Афёра - Владимир Силкин
Шрифт:
Интервал:
Закладка:
Обычно в разгар сезона, то есть в июле и в первой половине августа, простых отдыхающих, приезжавших в «Янтарный залив», в «охотничий домик» не селили — корпус держали свободным на случай приезда разного рода начальства: мог пожаловать на выходные кто-нибудь из местных боссов, а то из самой Москвы заявлялась вдруг персона, требовавшая к себе особого внимания. Таких особых корпусов для «больших людей» в пансионате было всего три, и «охотничий домик», хотя и не считался из них самым лучшим, не был и самым плохим — в общем, отдыхающие бонзы были им довольны.

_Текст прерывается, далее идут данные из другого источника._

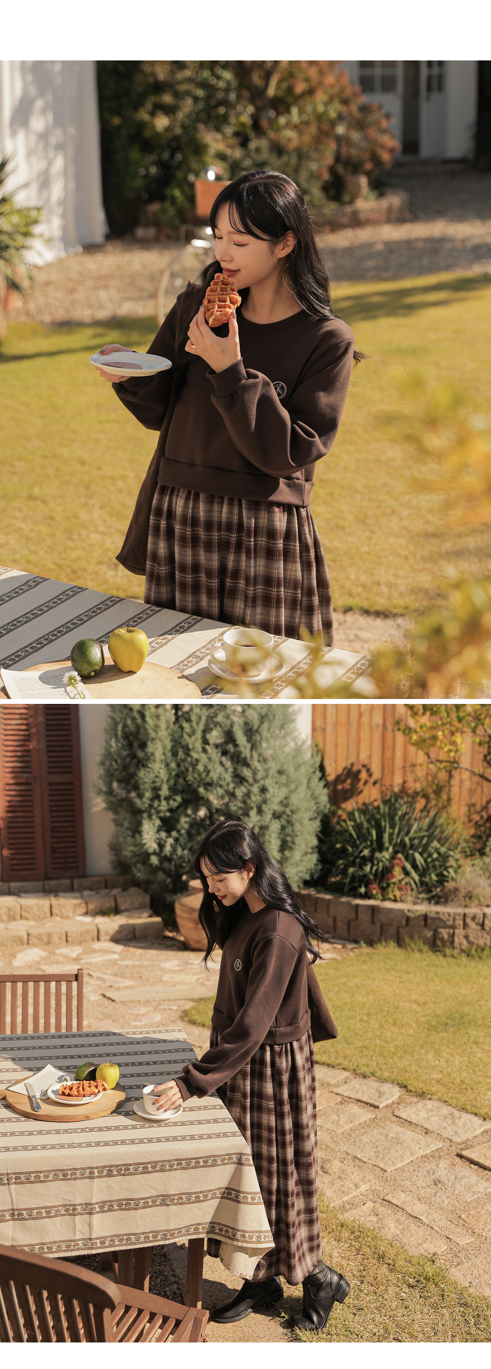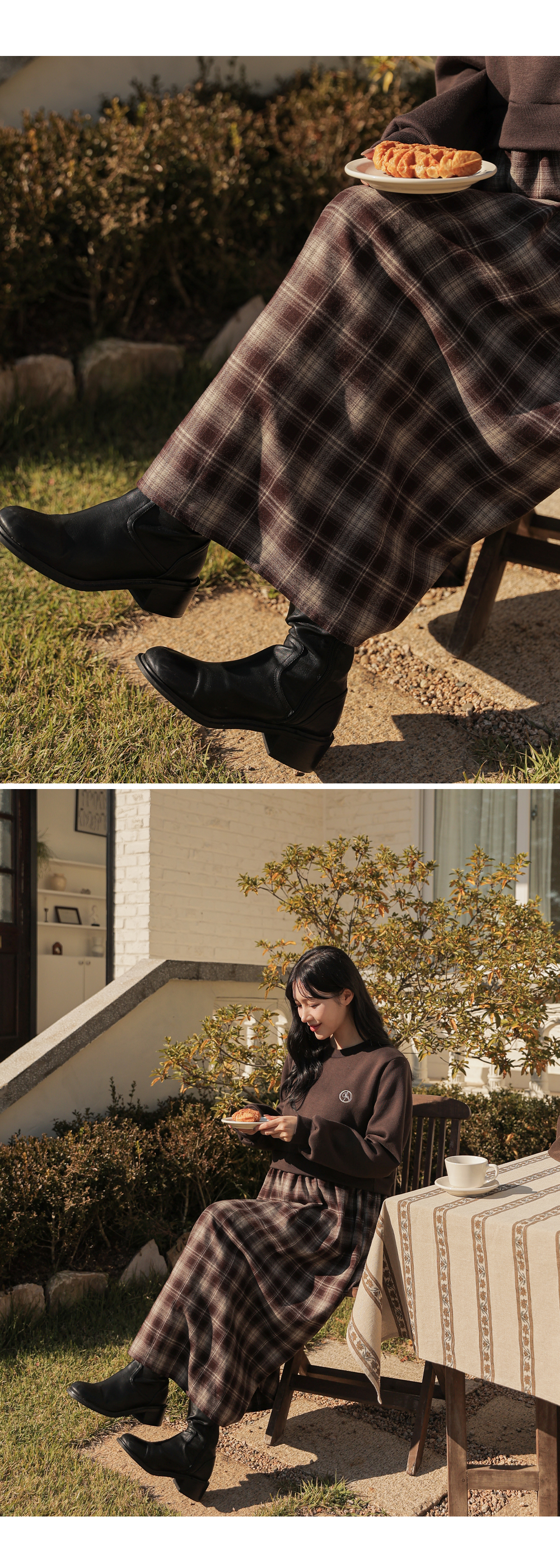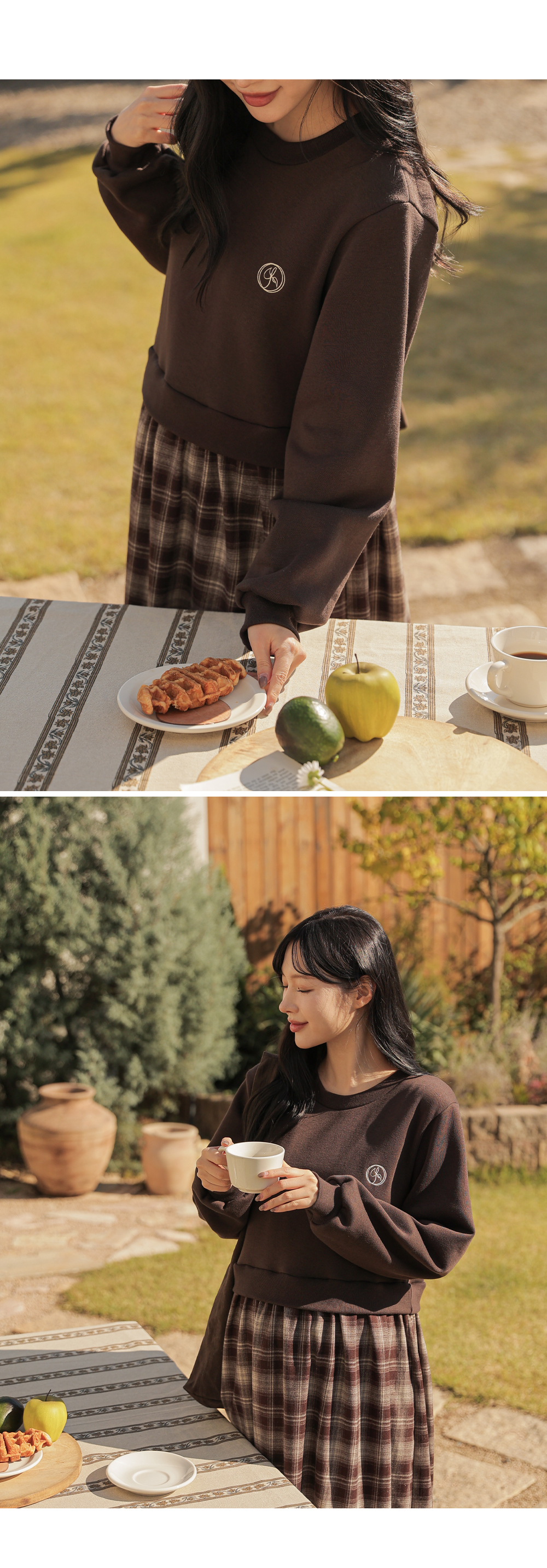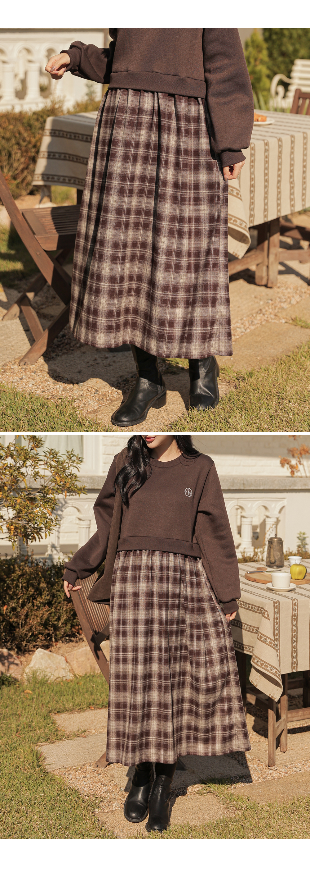 Warm fleece man-to-man and check skirt meet

Паша Гостенин, очевидно, принадлежал к таким людям, для которых поселиться в корпусе номер семнадцать не составляло проблемы — он ещё только выезжал из Москвы, а апартаменты уже готовились к приёму, и это в самое напряжённое для пансионата время, когда отдыхающих селили чуть ли не в бильярдных. Но Макарова, честно признаться, мало интересовала морально-этическая сторона дела и то, каким же должен быть пост отца погибшего, если ему удавалось два года подряд абонировать для сына целый корпус, хранимый администрацией как зеница ока для приезжего начальства. Макаров пришёл в «охотничий домик» совсем не для того, чтобы выяснять, почему Гостенин жил здесь один, а теперь, в связи с близящимся окончанием сезона, — целых пять семей с детьми. Алексей хотел расспросить обслуживающий персонал «охотничьего домика» о том, кто бывал в гостях у Павла; когда и с кем его видели в день гибели; с кем он ушёл из корпуса, а также о том, как вообще персонал корпуса относится к официальной версии, по которой их постоялец утонул без посторонней «помощи».
В общем, все вопросы были достаточно безобидными, однако разговор с дежурной медсестрой откровенно разочаровал. Женщина оказалась из тех, кто не может сказать что-либо сверх того, что принято называть официальной точкой зрения. Яркая брюнетка, зачем-то покрашенная в нелепый соломенно-жёлтый цвет, рассмотрев предъявленный Алексеем документ детектива страховой фирмы, сказала только, что Гостенин жил тихо, порядка никогда не нарушал и если водил к себе гостей, то она за ними не присматривала — мол, нынче у нас полная свобода, и каждый, если он не нарушает порядка и не ущемляет права соседей на отдых, волен заниматься тем, чем ему вздумается. Относительно полной свободы Макаров, естественно, ей не поверил. Он предпринял титанические усилия, чтобы разговорить женщину, подарил припасённую шоколадку, вспомнил несколько анекдотов и слухи, которые якобы ходили об утопленнике по городу, но все было бесполезно. Как бы невзначай обронённая вполне, впрочем, доброжелательно отнёсшейся к нему медсестрой фраза, что работу в их городе найти трудно и потому даже не самая завидная должность дежурной медсёстры является желанной для многих, — эта фраза окончательно расставила все по своим местам, вынудив Макарова отказаться от бесплодных попыток убедить женщину поделиться с ним своими наблюдениями.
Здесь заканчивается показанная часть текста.